One Minnesotan who got an inside view of the conflict was journalist Jesse Hardman In the midst of the chaos he came upon an amazing story of a forgotten people.
Jesse Hardman went to Sri Lanka to train and lead a team of local journalists. They travelled the length and breadth of the country, talking to some of the tens of thousand of people in displacement camps.
These were people pushed from their homes by outbreaks of violence, often at a moment's notice. Some had been out of their homes for months. As Hardman's news team came into each community they set about spreading information the people desperately needed.
"Kind of visiting their situation, learning from them what their needs were and then tailoring a newspaper, a radio show, to their information needs," Hardman said.
They sometimes even set up text messaging services, as Sri Lankans now get most of their news through their mobile phones.
During one of these trips Hardman's driver surprised him by announcing they were approaching the Kaffir community. Kaffir is a name which in some parts of Africa carries the same nasty overtones as the n-word. However the driver assured Hardman this was where a group calling itself the Kaffirs lived.
"And I swear to God, 10 minutes later we were knocking on a door, and out came a 6-foot-5-[inch] man of African descent in a sarong, no shirt," Hardman said. "And my staff were shorter Sri Lankans, this man was enormous, and they literally fell on the ground."
Hardman said he learned that this man was a descendant of African soldiers brought to Sri Lanka six centuries ago.
"And then over time they stayed and intermingled with the local population a little bit," Hardman said. "They are Catholic because of the colonization by the Portuguese."
Another thing Kaffirs had retained was their music, called Manja.
"It's kind of a creole of African and it's sung in Portuguese, a Portuguese creole," Hardman said. "They don't speak their language any more, but they can sing, and so that's kind of the connection."
The musicians used very basic instruments: drums, coconut shells, spoons, even coins clinked against bottles. The sound captivated Hardman and his news team. Every song was accompanied by a dance.
Jesse Hardman realized this was an opportunity to bring people together in the midst of a civil war.
"I mean literally there are maybe one or two people we found that had done any sort of research or had much understanding of them so it's as close to a forgotten community as I have ever come across."
"I mean so much war and pain and struggle, I think you begin to lose your sense of what makes you great, and what make Sri Lanka great at least from an outsider is the diversity there," he said.
And here was a centuries-old community which very few Sri Lankans knew about. Hardman came up with a plan.
"Since I am talking to a Minnesota audience, I'll just say, I stole 'Prairie Home Companion' and put on a version in Sri Lanka at a U.N. displacement camp," Hardman said.
The show wove together the Kaffirs songs with live interviews with United Nations officials. They offered information about resettlement aid and other details useful to the 10,000 people in the camp.
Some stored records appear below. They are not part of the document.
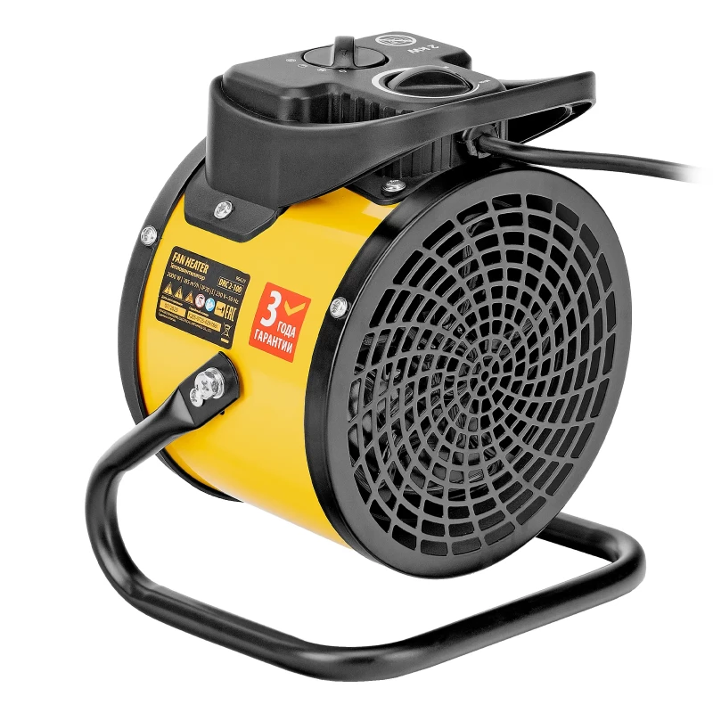 Тепловая пушка (тепловентилятор) Denzel DHC 2-100 96429 с керамическим нагревателем потребляет мощность 0,025, 1 или 2 кВт и пригодится в любую погоду: в холод она обогреет помещение, а в жару ее можно использовать как вентилятор. Также применяется во время отделочных работ для просушки поверхностей — окрашенных и оштукатуренных стен, стяжек. Максимальной мощности 2 кВт хватит для обогрева помещения площадью до 20 кв.м. Работа тепловой пушки не доставляет дискомфорт, безопасна для здоровья людей и животных, поскольку керамический нагревательный элемент не сушит воздух и не выделяет вредных веществ.
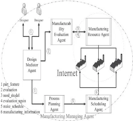 The PpU platform that has been developed is a web-based platform that provides various professional and technological services for distributed manufacturing. The clients can obtain their needed information and services from the PpU platform and the service providers can provide their services through this platform. Figure 1 shows the framework and data flow of the web-based PpU multi-agent system. The PpU platform consists of both the server/system and the client/designer components, which include the Design Mediator Agent (DMA), Manufacturability Evaluation Agent (MEA), Manufacturing Resource Agent (MRA), Process Planning Agent (PPA), Manufacturing Scheduling Agent (MSA), Manufacturing Managing Agent (MMA), service providers and designers (Mahesh et al. 2007).
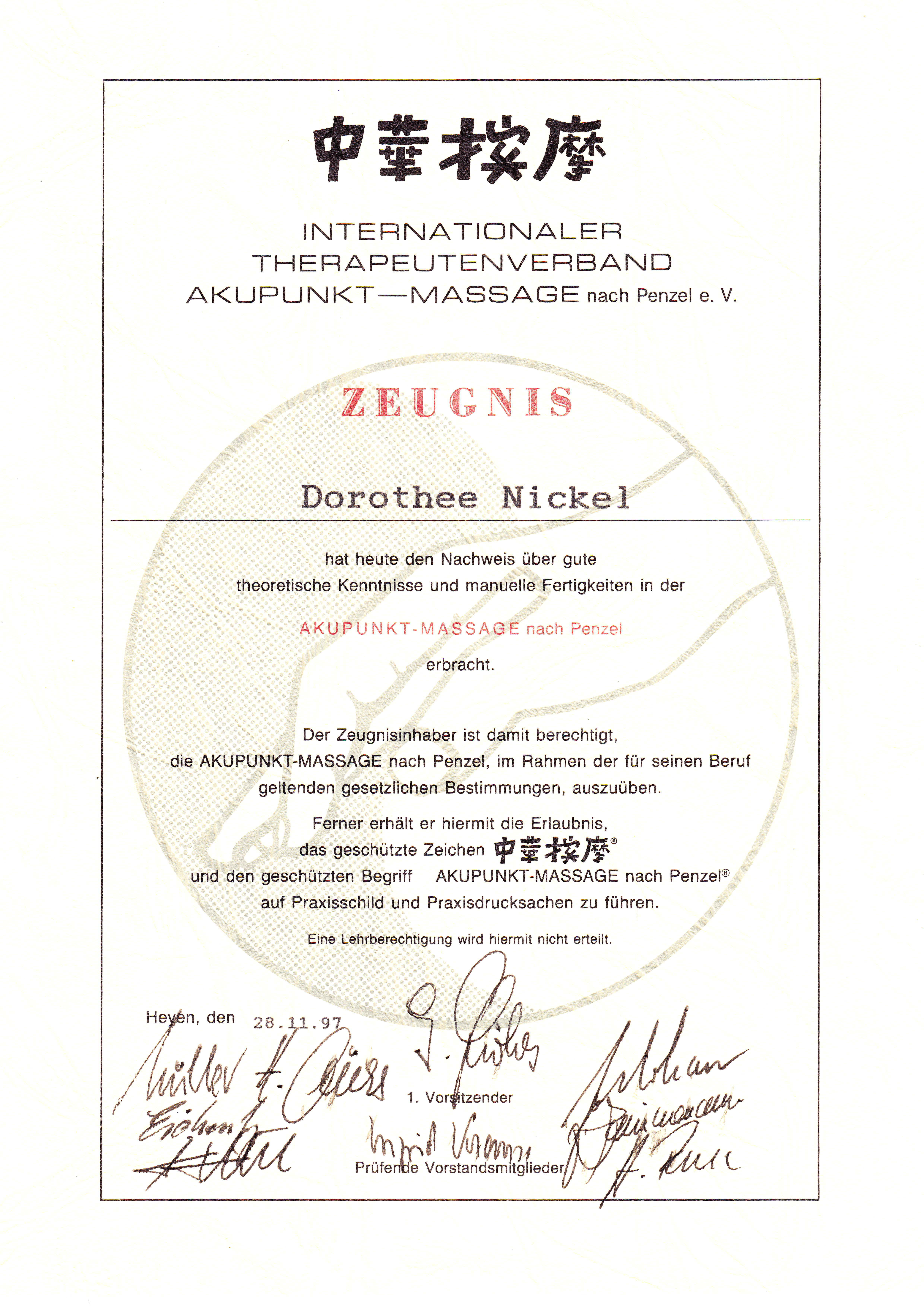 Noch während meiner Schulzeit lernte ich durch meine Mutter, die selber damit behandelt wurde, die Akupunkt-Massage nach Penzel kennen.
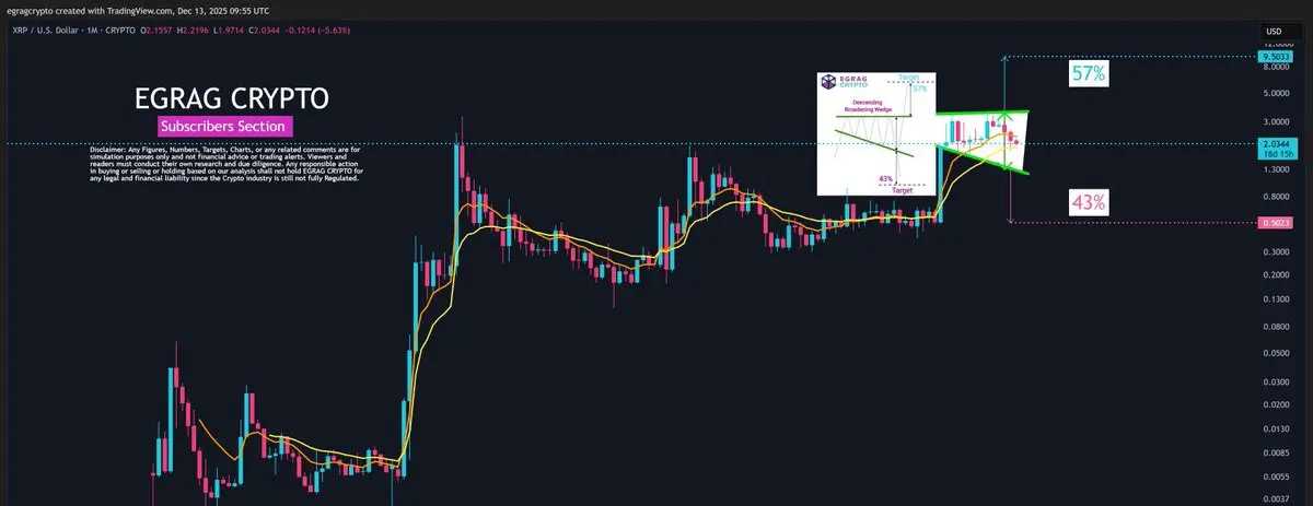 基於長期結構、時間對稱性和 EMA 排列,分析認為未來三到六個月 XRP 更可能向上運行,而非向下。
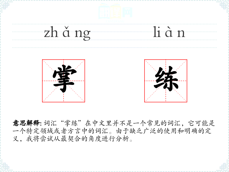 词汇“掌练”在中文里并不是一个常见的词汇,它可能是一个特定领域或者方言中的词汇。由于缺乏广泛的使用和明确的定义,我将尝试从最契合的角度进行分析。
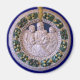 Elegante clássico, vibrante Renaissance fine art, obra-prima de Bottega della Robbia ( Florence - Itália ) em cores brancas brilhantes, azuis, verdes, castanhas.Madonna com santos no céu azul numa coroa floral decorativa.
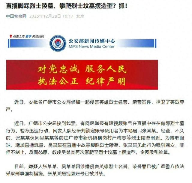 为了打败残酷的敌人,烈士们不怕流干热血;为了一点肮脏的流量,有人竟然踩在了烈士的陵墓上。据中国警察网报道,安徽省广德市公安局近日侦破一起侵害英雄烈士名誉、荣誉案。嫌疑人张某某伙同吴某某等前往烈士陵墓附近,为博取眼球、增加人气,在直播中故意脚踩烈士陵墓,甚至攀爬到烈士陵墓上摆造型。目前,张某某、吴某某因涉嫌侵害英雄烈士名誉、荣誉罪已被依法采取刑事强制措施,张某某短视频账号已被封禁。
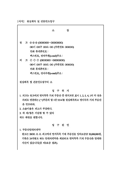 주요내용 : 임대차계약, 목적물 불법개조사용, 기간만료, 계약해지에 따른 원상회복 및 건물인도 청구시 사용되어지는 양식임. 단 무단전재 방지목적으로 PDF 파일로 올리니, 구매하신 후 혹 원본 파일이 필요하신 분들은 톡이나 문자, 메일, 전화 등을 주시면 작성방법 등에 대한 간단한 무료상담과 함께 원본 파일을 보내드리도록 하겠습니다.
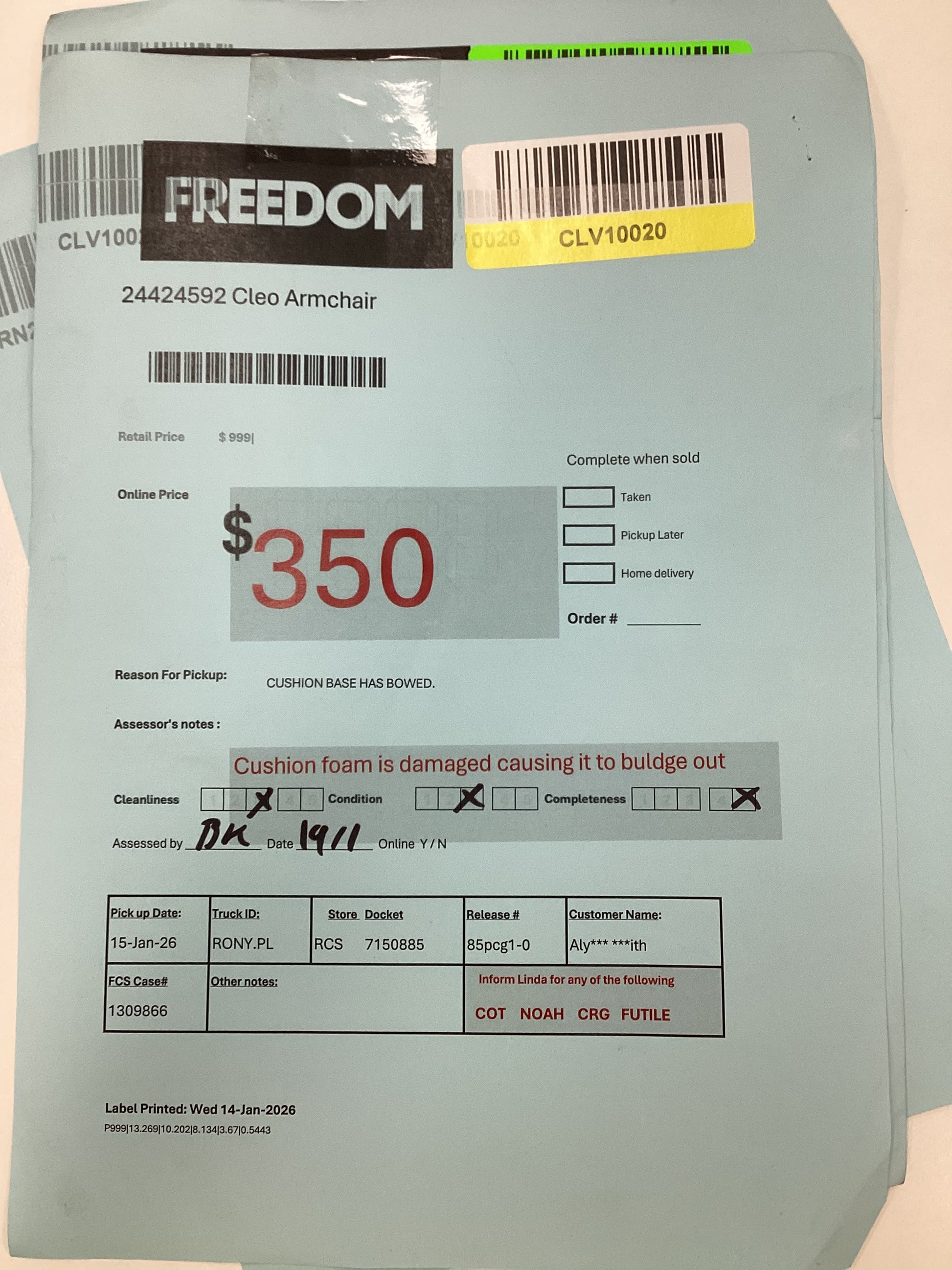 ASSESSOR NOTES: Cushion Foam is Damaged causing it to buldge out

Some 500 people came to the broadcast. It was such a success Hardman and his team took the Kaffirs to the Sri Lankan capital of Colombo where they did another concert, this time in a music club.
It was there Hardman saw something he still is trying to get his head around. After the concert it seemed everyone in the club came backstage to greet the artists, including a friend of Hardman's from Gabon in west central Africa.
"And when the Kaffir women saw him, this African guy, they just circled around him and started touching him. He didn't say a word. He was crying," Hardman said. "It was this amazing like - I don't even know how to describe it.
"They hadn't met a real African. He felt he was meeting someone from his world that had been displaced or taken away, on such a deep level that you or I could never even fathom."
The Kaffir's ancestors crossed the ocean in the 1500s. Jesse Hardman said they would be lost in Africa today. Yet in that room in Colombo, 600 years of separation evaporated.
That was in November 2008, and a lot has changed since then.
The Sri Lankan Army moved in and subdued the Tamil rebels. There will be a presidential election in late January, and Hardman worries things could turn nasty.
He's back in the U.S. and fell afoul of the Sri Lankan authorities when he helped a British newspaper set up an interview the authorities didn't like. They withdrew his visa and 36 hours later he was on a plane to Thailand.
The Kaffirs continue to perform in Sri Lanka. The concert Hardman and his crew recorded in Colombo has become a CD. Hardman sent most of the discs to the Kaffirs so they can sell them. While he knows there could be downsides to drawing attention to the group, he thinks it's good people now know about them.
"I mean literally there are maybe one or two people we found that had done any sort of research or had much understanding of them so it's as close to a forgotten community as I have ever come across," Hardman said.
Jesse Hardman believes his news team made a difference. Studies found the information they provided helped some of the displaced people find better conditions. He'd like to go back some day, but he said he knows that's unlikely to happen for a long time.